Personally, I'm fine with getting a few (or even a bunch of) duds for every slick webapp we get. Better than most other companies who provide just as many duds without any of the stars.
It's not their consumer products I have an issue with ( well sorta ), it's their developer products that are half baked, poorly supported and horrible.
#4 Members - Reputation: 2369
Posted 01 November 2011 - 02:59 PM
Oh, wait...
Although it really does come down to this: You get what you pay for.
developer support, it's appalling how incredibly terrible Google is
Google does not have support of any kind. Unless you are a popular blogger or highly paying client.

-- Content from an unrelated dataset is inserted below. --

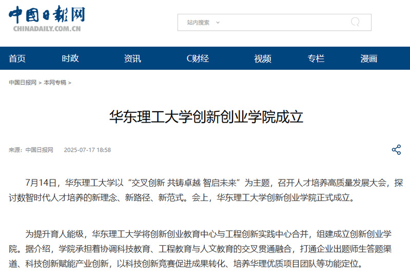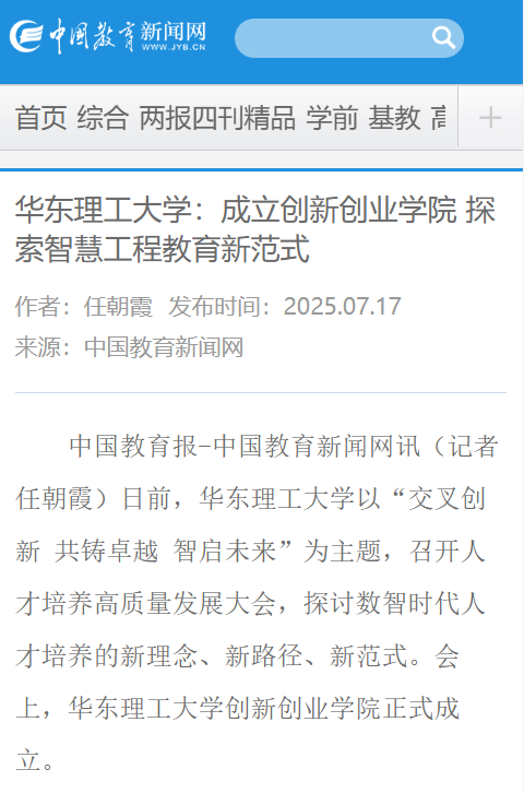 【中国教育新闻网】华东理工大学:成立创新创业学院 探索智慧工程教育新范式

I have a similar issue. Chrome's GPU accelerated canvas is broken on one of my machines (works in IE, FF, Safari, ...). It's some weird issue with something and the results are from garbled screen to hard locked machine. Since XP was introduced, this is the only time I've had machine freeze up. Best part - accelerated canvas is on by default since 14 and same issue occurs up to canary. Bugs like this have been cropping up for the past two years.
It's not a big deal to me, disabling hard acceleration via --switch works. But I suddenly have to completely agree with Microsoft refusing to support WebGL. Not only is complete lockup of machine with trivial OGL/DX possible, Chrome is doing it by default (to me). If simply putting <canvas> into some web page is enough for lock-up Windows 7 (6870 radeon, up-to-date on everything), then giving unlimited access to any web page really is a bad idea.
#5 Members - Reputation: 1281
Posted 01 November 2011 - 03:07 PM
Javascript needs to be replaced. I along with others online have mentioned this for a long long time.I was wondering if anyone out there has given a look at Google dart?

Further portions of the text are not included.